• TASK ITEM: Nothing below is to be printed except the lines between the line holding "聞期振的事情被學(xué)校" and the line holding "- PIVOT()을 사용하면 데이터가 가로로 출력되는 것을 확인할 수 있습니다.", inclusive, each exactly as it appears.

• DATA UNDER STUDY:
****************
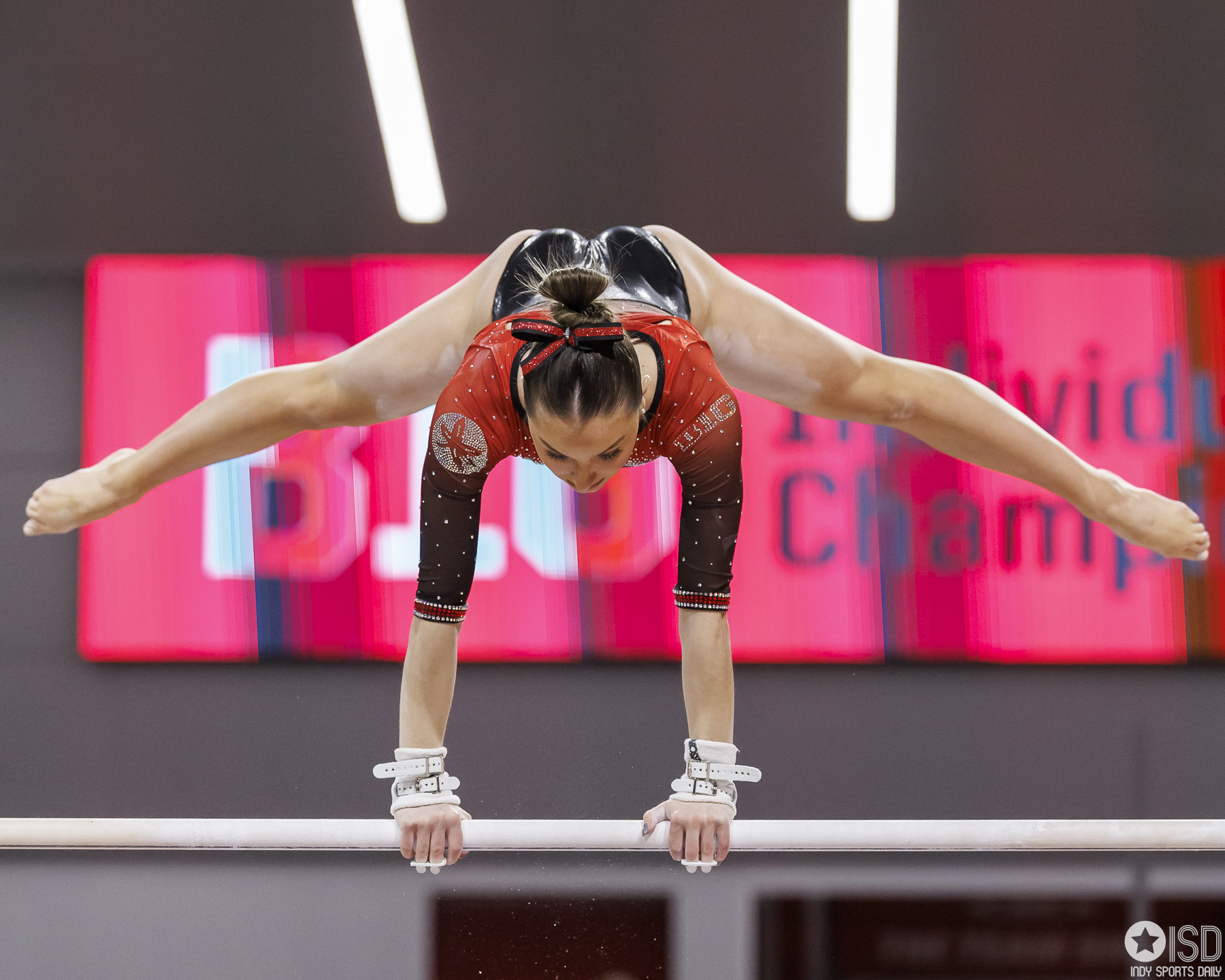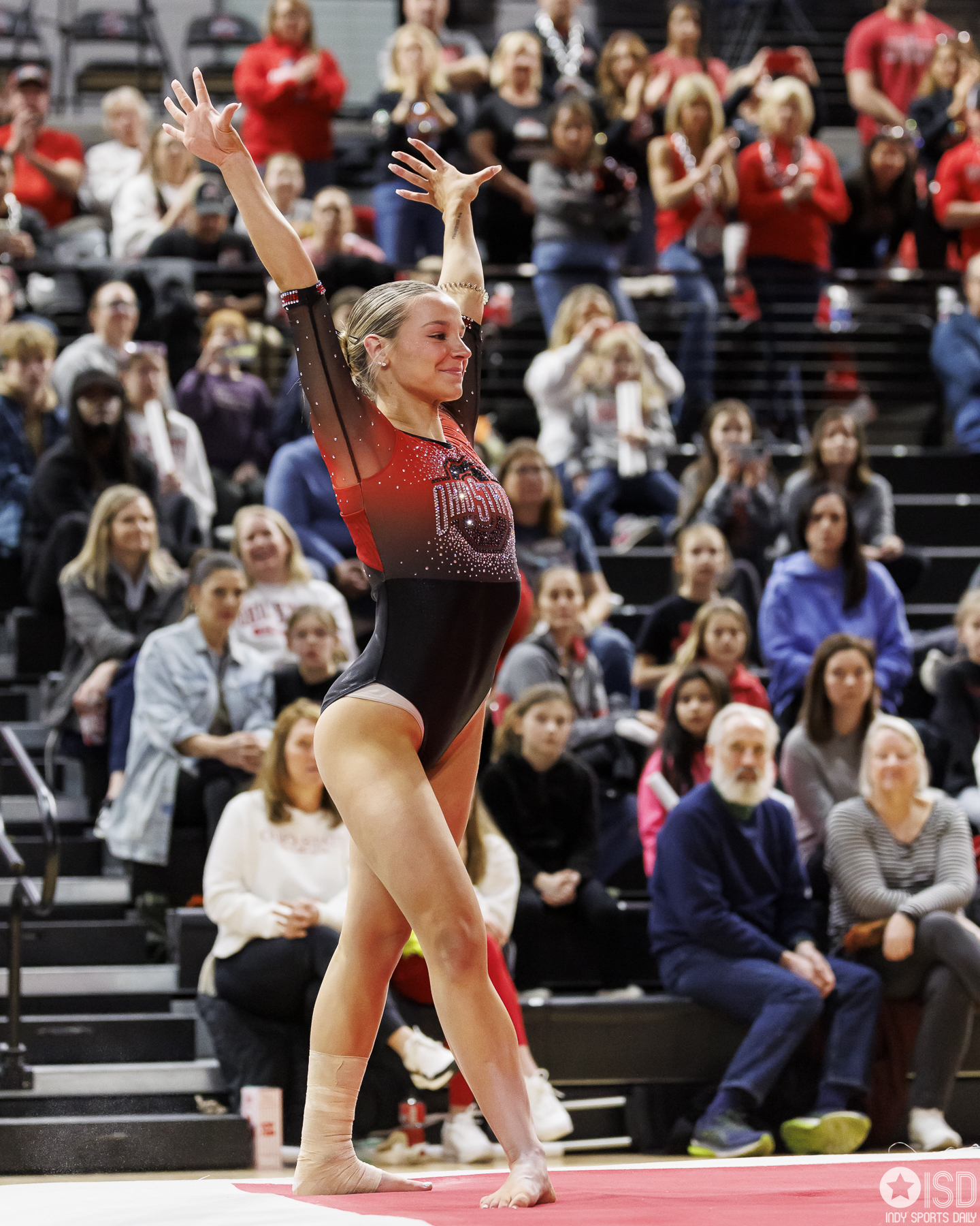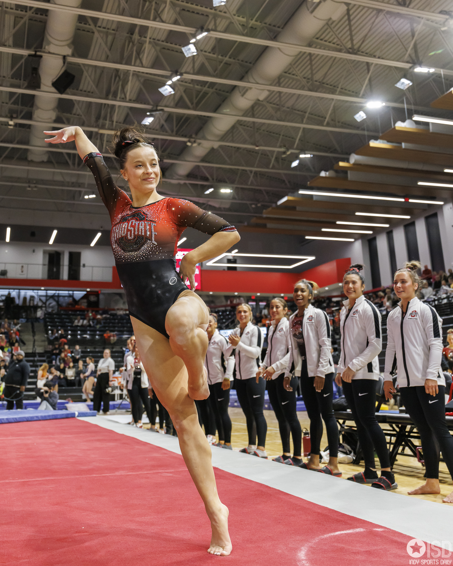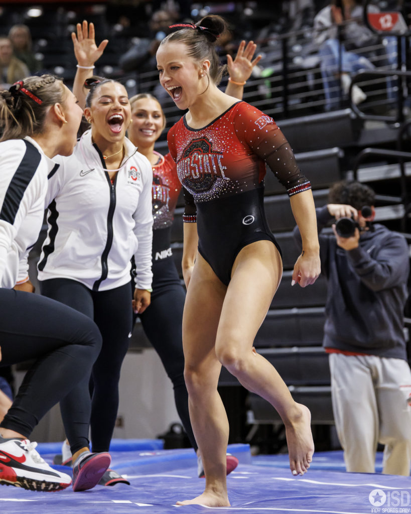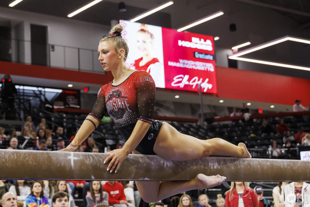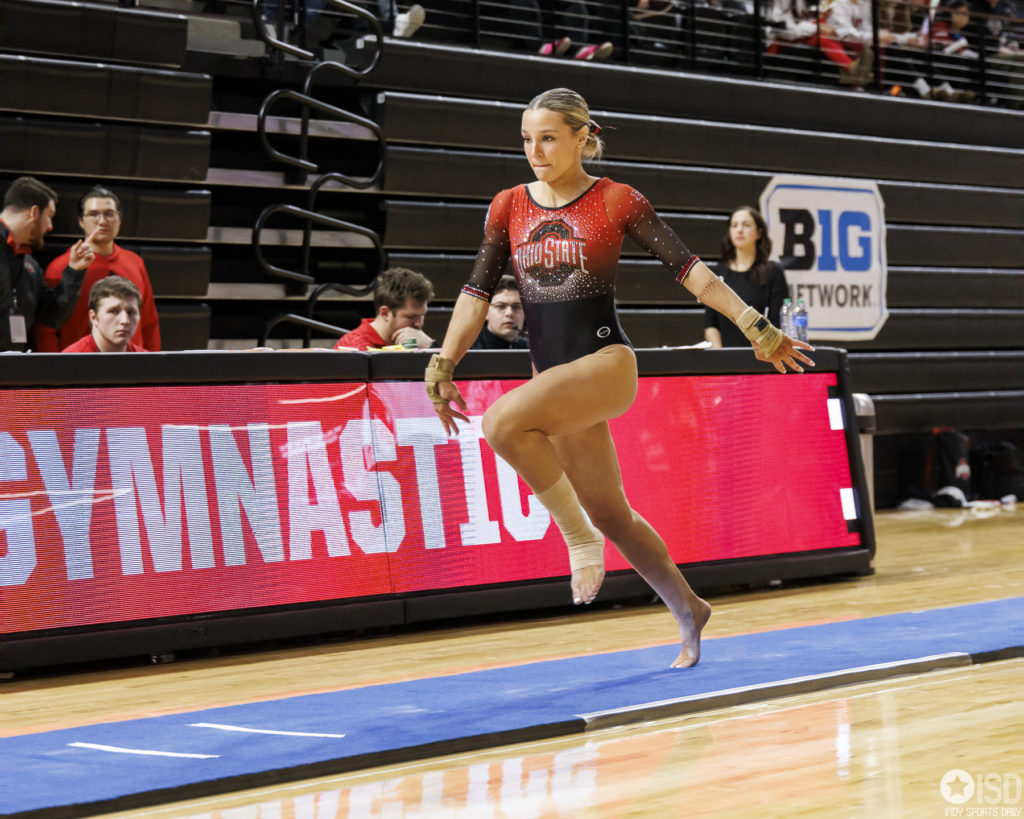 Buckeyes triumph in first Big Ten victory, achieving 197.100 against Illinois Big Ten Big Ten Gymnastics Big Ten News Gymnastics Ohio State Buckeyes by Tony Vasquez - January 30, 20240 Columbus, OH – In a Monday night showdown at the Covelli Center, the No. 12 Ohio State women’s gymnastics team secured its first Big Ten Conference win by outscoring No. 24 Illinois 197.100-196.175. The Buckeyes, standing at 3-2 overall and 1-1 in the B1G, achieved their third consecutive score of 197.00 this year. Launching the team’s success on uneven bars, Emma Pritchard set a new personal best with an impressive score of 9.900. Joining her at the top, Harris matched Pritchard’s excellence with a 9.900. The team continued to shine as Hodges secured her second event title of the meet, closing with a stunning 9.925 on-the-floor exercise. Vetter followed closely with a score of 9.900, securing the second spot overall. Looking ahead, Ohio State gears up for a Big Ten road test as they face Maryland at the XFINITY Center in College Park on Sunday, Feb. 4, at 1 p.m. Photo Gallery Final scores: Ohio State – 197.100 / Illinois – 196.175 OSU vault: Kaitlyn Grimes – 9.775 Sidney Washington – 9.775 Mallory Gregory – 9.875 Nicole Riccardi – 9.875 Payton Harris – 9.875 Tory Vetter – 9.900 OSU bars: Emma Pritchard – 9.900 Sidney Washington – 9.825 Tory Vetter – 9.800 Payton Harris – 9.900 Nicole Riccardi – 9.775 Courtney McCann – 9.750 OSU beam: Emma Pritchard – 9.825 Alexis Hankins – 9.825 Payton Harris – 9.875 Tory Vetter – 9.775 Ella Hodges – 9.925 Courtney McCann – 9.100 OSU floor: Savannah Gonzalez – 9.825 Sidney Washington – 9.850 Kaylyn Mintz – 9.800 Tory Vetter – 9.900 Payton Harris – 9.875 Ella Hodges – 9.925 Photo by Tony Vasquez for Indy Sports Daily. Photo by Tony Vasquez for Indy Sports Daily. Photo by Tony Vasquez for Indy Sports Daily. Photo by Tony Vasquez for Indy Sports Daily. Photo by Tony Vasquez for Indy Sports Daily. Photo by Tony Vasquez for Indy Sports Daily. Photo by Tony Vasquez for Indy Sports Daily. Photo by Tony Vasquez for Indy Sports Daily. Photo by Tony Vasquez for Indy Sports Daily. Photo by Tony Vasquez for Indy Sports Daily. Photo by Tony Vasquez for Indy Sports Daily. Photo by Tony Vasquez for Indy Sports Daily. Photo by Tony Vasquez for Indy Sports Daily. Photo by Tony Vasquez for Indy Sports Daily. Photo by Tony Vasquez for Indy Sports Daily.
****************
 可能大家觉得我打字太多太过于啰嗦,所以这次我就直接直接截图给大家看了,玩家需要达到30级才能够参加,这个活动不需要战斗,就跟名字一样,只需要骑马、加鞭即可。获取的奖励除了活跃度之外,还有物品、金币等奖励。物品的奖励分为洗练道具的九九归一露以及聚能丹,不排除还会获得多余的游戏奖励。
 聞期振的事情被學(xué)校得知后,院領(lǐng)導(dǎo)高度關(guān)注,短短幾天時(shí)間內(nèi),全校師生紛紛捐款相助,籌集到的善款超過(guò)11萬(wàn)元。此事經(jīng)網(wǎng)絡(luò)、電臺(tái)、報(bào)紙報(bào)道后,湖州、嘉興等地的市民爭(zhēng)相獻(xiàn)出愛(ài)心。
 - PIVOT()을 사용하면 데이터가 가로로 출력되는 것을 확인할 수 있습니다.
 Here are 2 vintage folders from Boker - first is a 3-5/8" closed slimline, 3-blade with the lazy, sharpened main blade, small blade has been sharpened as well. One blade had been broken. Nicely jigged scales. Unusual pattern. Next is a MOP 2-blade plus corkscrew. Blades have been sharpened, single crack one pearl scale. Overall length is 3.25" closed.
****************
• SOLUTION TO THE PROBLEM:
 聞期振的事情被學(xué)校得知后,院領(lǐng)導(dǎo)高度關(guān)注,短短幾天時(shí)間內(nèi),全校師生紛紛捐款相助,籌集到的善款超過(guò)11萬(wàn)元。此事經(jīng)網(wǎng)絡(luò)、電臺(tái)、報(bào)紙報(bào)道后,湖州、嘉興等地的市民爭(zhēng)相獻(xiàn)出愛(ài)心。
 - PIVOT()을 사용하면 데이터가 가로로 출력되는 것을 확인할 수 있습니다.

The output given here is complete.